The below interview is the last piece for Ecologies of Entanglement, a collaborative series between Are.na Editorial and Dark Properties.
It can be hard to find a good job—especially one that aligns with your values, interests, financial needs, family obligations, and (perhaps most importantly) sense of wellbeing. To make it even trickier, most of us start out on a “career track” when we’re young and naive, before we really know what we want out of life. And this track, unfortunately, doesn’t always lead us to a happy place.
I first met Cortney Cassidy when we were both attempting to figure out how to build a post-art-school career. We became friends while interning at a tiny artist-run print shop in San Francisco, before the Silicon Valley-ification of the city, back when a broke twenty-something could still afford to live in a sprawling Mission District apartment.
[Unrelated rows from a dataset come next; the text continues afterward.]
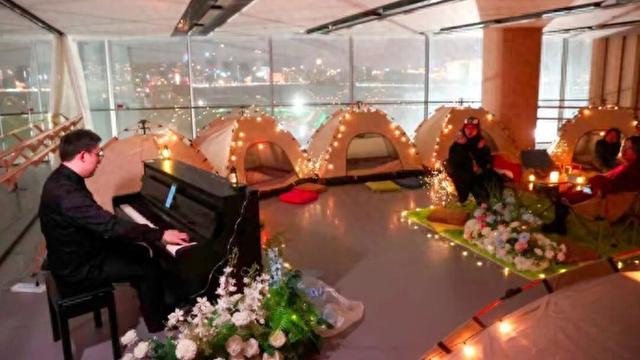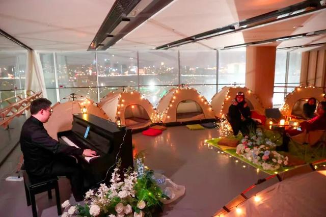 在排练厅内,钢琴师的指尖流淌出舒缓的旋律,德彪西的《月光》婉转悠扬,《遇见》《RememberMe》等经典影视金曲轻柔回响。“这是一场午夜的专属音乐会,选曲要贴合安静温柔的氛围。”钢琴师笑着说。窗外江风阵阵,室内琴声袅袅,观众或坐在露营椅上闭目聆听,或钻进帐篷轻声交谈,惬意又自在。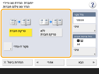 בעת ביצוע צילום חוברות עם מסמכי מקור דו-צדדיים, לחץ על <מקור דו-צדדי> ובחר <סוג ספר> או <סוג לוח שנה> לפי הצורך.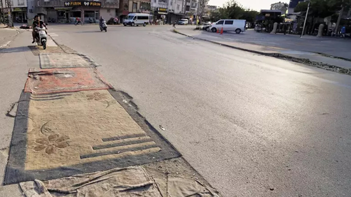 CHP'li belediyelerce alışkanlık haline getirilen kazılan yolun olduğu bırakılıp asfaltlanmaması vatandaşın tepkisini çekmeye devam ediyor. Şimdi de Mersin'de vatandaşlar, bozuk ve tozlu yoldan korunmak için sokaklara halı serdi.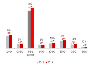 | Темпы роста рынка платного ТВ по ФО, 2014 |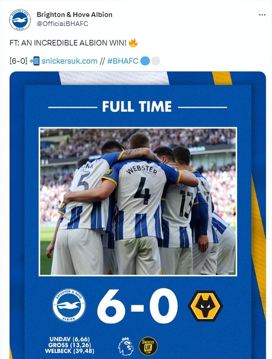 英超第34輪,維爾貝克2射1傳,格羅斯和昂達夫分別雙響,大黑馬布萊頓主場6-0血洗狼隊,創隊史英超最大比分勝利紀錄。在狼隊身上全取3分後,布萊頓在少賽兩輪的情況下,跟聯賽第5的熱刺縮小分差至2分。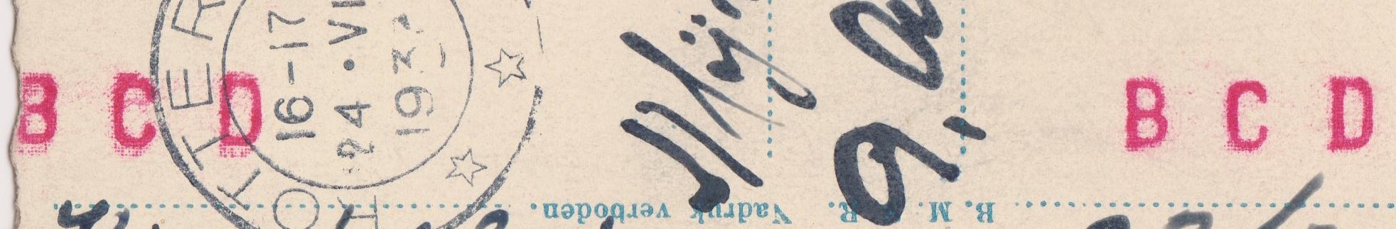 Dieser Brief durchlief in Rotterdam die TRANSORMA und erhielt einen Transorma-Bandstempel "E":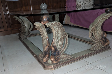 Bellissimo tavolo da salotto con piano in vetro spessore 1,2 cm (misure cm 100x150xh45,5) , base artigianale in legno lavorato. Vetrina in legno massello arte povera, misure 140x43xh189, ripiani in vetro. No spedizione.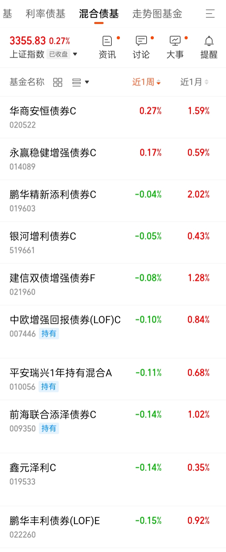 混合债基近1周平均收益受债基影响,开始低于货基,可适量逢低买入或定投。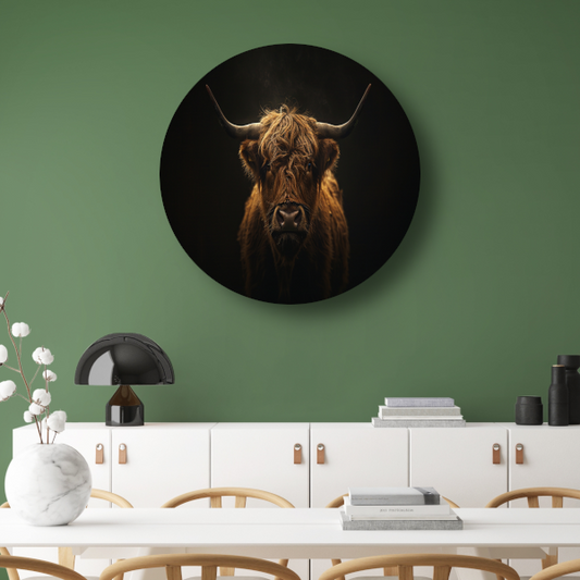 Schotse hooglander in duister lichtspel aluminium muurcirkel
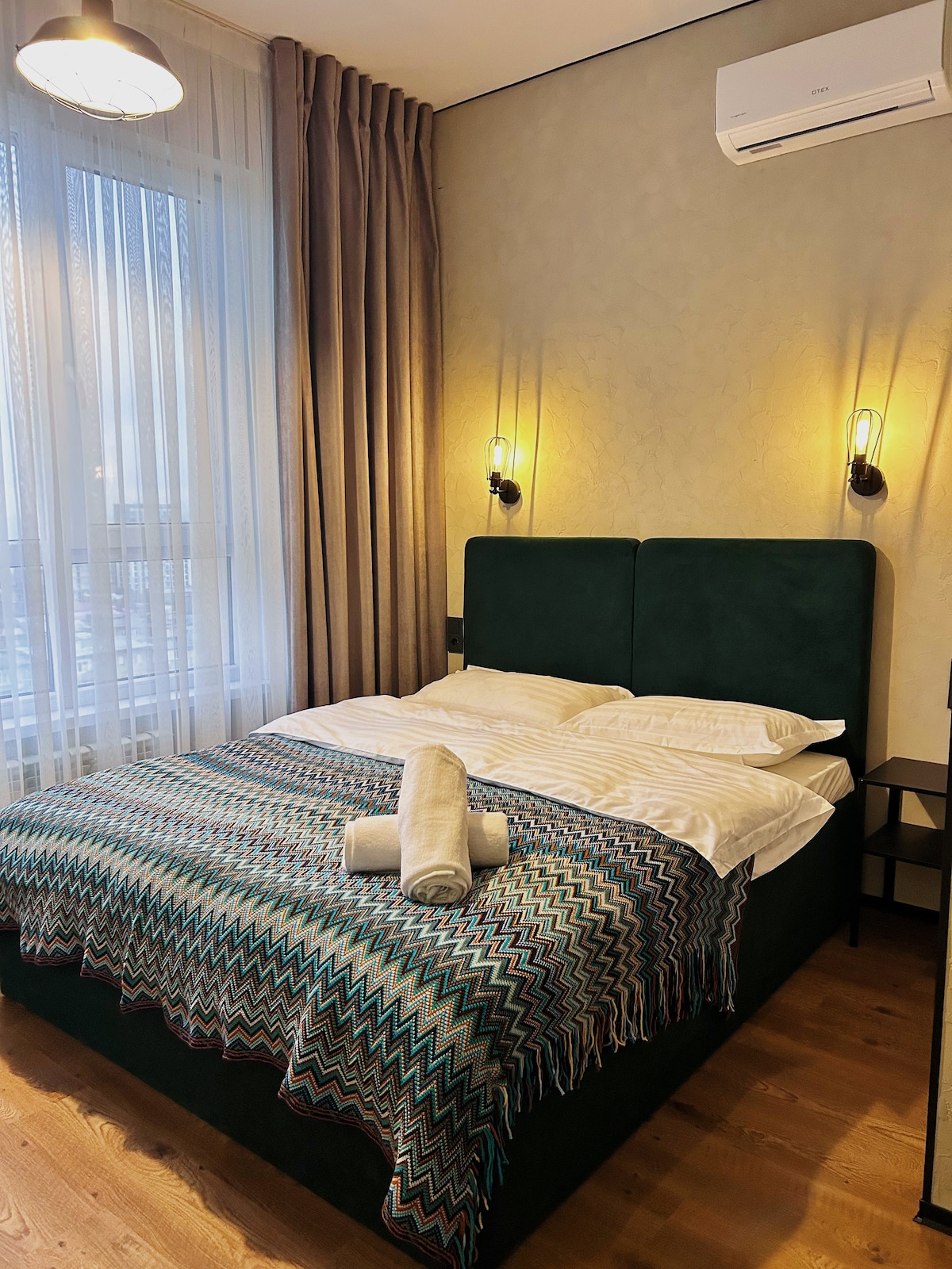 Стильная однокомнатная квартира с уютной атмосферой и продуманным интерьером. Из окна открывается потрясающий вид на город, особенно красивый утром и вечером. Подходит как для командировочных, так и для семейных пар. В квартире тепло и уютно, есть всё необходимое — кухня, Wi-Fi и комфортное место для отдыха после насыщенного дня.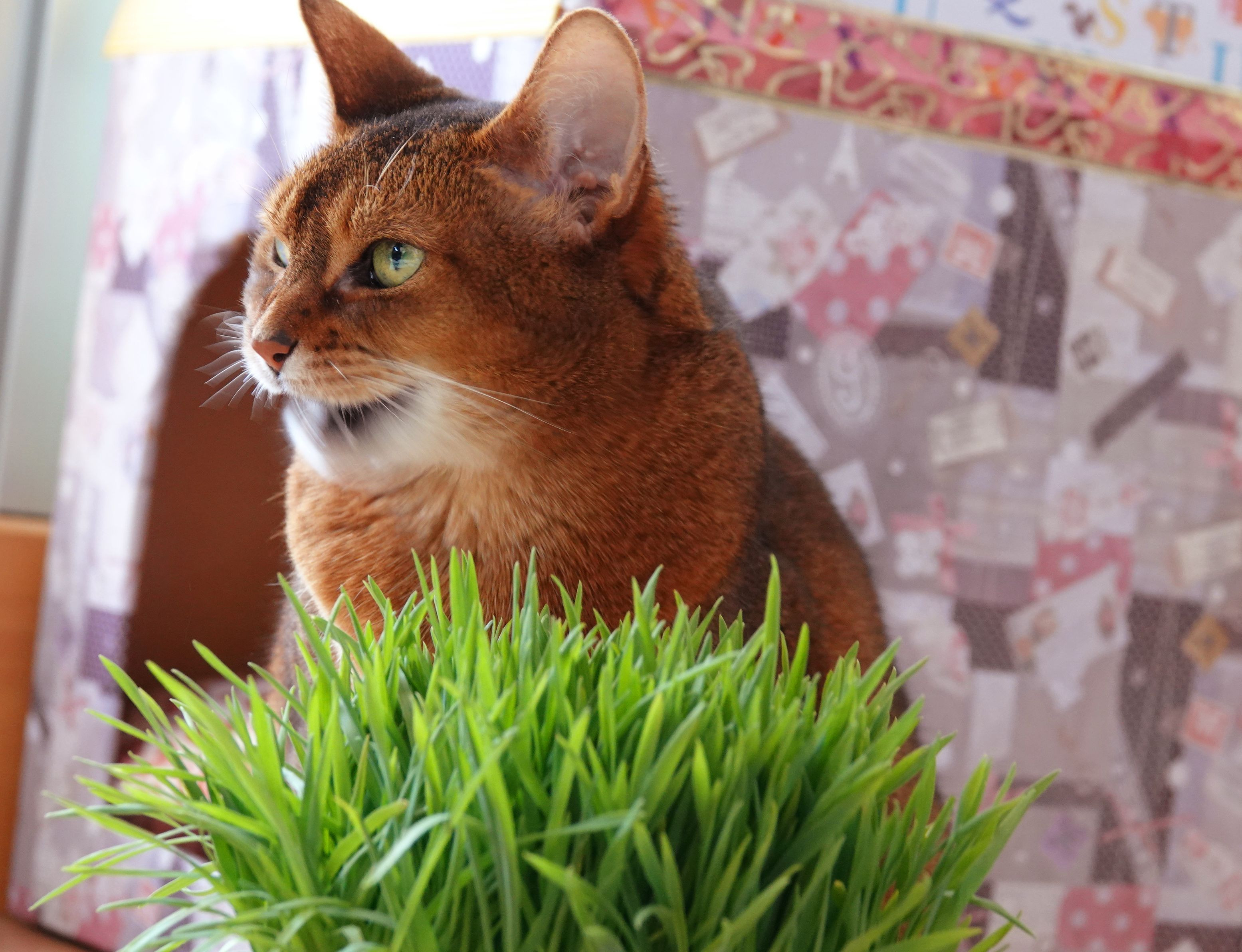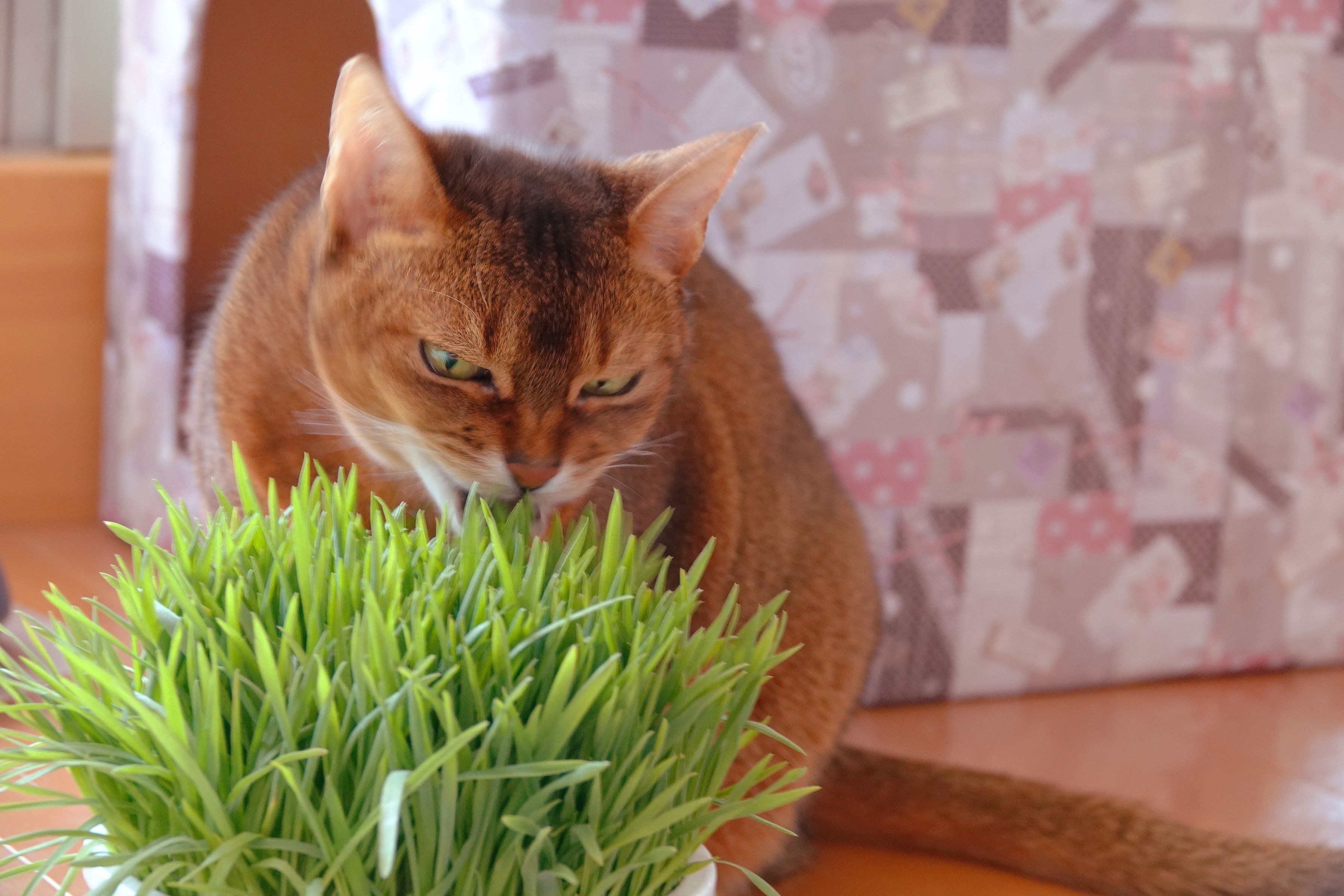 猫草に夢中のルビーです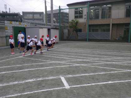 今年度の運動会、1年生の短距離走(40m)は校庭の北側レーンで行います。

While navigating the aftermath of the late-aughts Great Recession, Cortney and I bonded as we stuffed envelopes full of $30 art prints, hoping like hell this unpaid work would somehow help us find our footing at the bottom of the creative-career ladder.
Since then, we’ve both come a long way. Cortney in particular has defined a pretty illustrious career as a designer working for some of the biggest companies in creative tech. But recently, after a personal epiphany about the negative effects and ethics of her computer-tethered job, she’s fully pivoted her career—and with it, her entire lifestyle.